Terry is a Fellow of the American Society of Landscape Architects, and currently serves as Chair of the City of Chicago Mayor’s Public Open Space Committee. While her twenty five year career spans complex ecological planning, design, and construction of public urban landscapes in the Midwest and East Coast US, locally she has been designer of many favorite Chicago public spaces. Aside from her practice, Terry teaches in the Graduate Program in Landscape Architecture, Illinois Institute of Technology, and resides with her three sons in Oak Park, Illinois.
Jennifer Davit
Director, Head Horticulturist
Jennifer Davit, formerly of the Fairchild Tropical Botanical Garden in Miami, Fla., has been named director and head horticulturist for the Lurie Garden in Chicago’s Millennium Park, effective March 15.
Davit has more than 12 years of horticulture experience in private and public gardens. She has a master’s in public garden management from Cornell University in Ithaca, N.Y., and a bachelor’s degree in biology from Wright State University in Dayton, Ohio. She has held internships at the Quail Botanical Gardens in Encinitas, Calif., the National Tropical Botanical Garden in Kauai, Hawaii, the United States National Arboretum and Brookside Gardens in Washington, D.C., and the Mendocino Coast Botanical Garden in Fort Bragg, Calif.

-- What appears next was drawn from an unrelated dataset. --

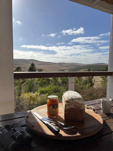 Read moreFour lovely self-catering cottages spread out and overlooking a dam and the surrounding farms and hills. Very spacious and as comfortable as a house, each cottage has high ceilings, beautiful polished wooden floors, a big open-plan kitchen, dining and lounge area with a huge fireplace, as well as a pizza oven. Two large bedrooms share a bathroom with shower, and the main bedroom has a glorious oval bath-for-two overlooking the deck and views. Very good, large and comfortable beds, pillows and linen. Good for all weather conditions, the deck is under cover with a braai, dining area, an excellent wood fired hot tub and two chairs for reading and relaxing. Outside good patch of lawn for children or sunbathing. Kitchen is well equipped with fridge, microwave and two-plate stove and generous hospitality with filter coffee and homemade rusks, as well as 2 pizza bases, and fresh farm produce that included 6 eggs and a slab of butter in the fridge plus the 'piece de resistance': fresh farm milk and loaf of bread delivered through a secret service hatch before breakfast. Lots of dry fire wood provided. Big enough for a long stay to...
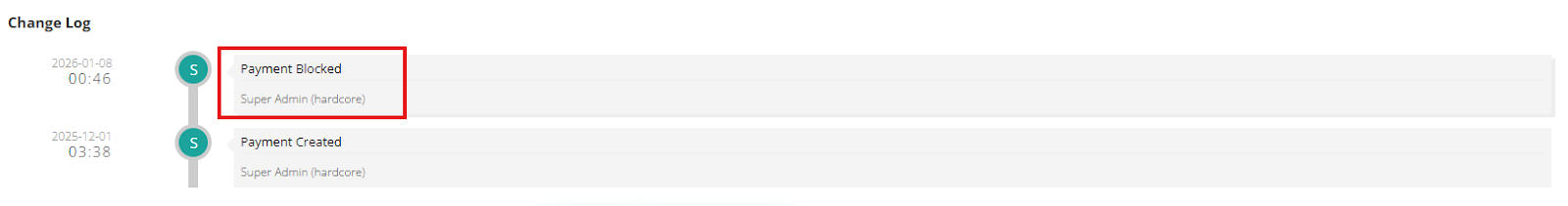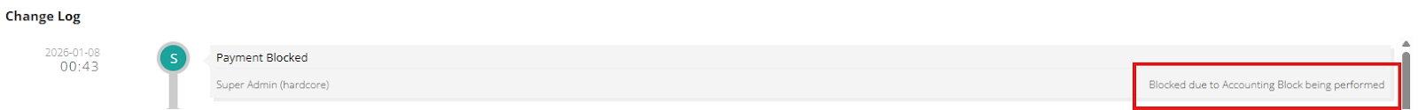 At the bottom of the page, the Change Log will show a record of the payment being blocked.

Davit served as Conservatory and Special Projects Manager at Fairchild Tropical Botanical Garden from 2003-2008. Her work there included managing the 16,000-square-foot conservatory and Victoria amazonica pool, creating and delivering educational programs for people of all ages, and developing written and oral interpretation for horticultural exhibits. While at Fairchild, she bloomed the renowned corpse flower, scientifically known as Amorphophallus titanium, twice and participated in a plant collecting expedition to Jamaica’s Cockpit Country which resulted in the discovery of 2 new plant species. She also has managed the Ward Garden, a 4.5 acre residential garden in Coral Gables, Fla. and served as a horticultural consultant to landscape architects in Miami, Fla., and created botanical art for public and private installations.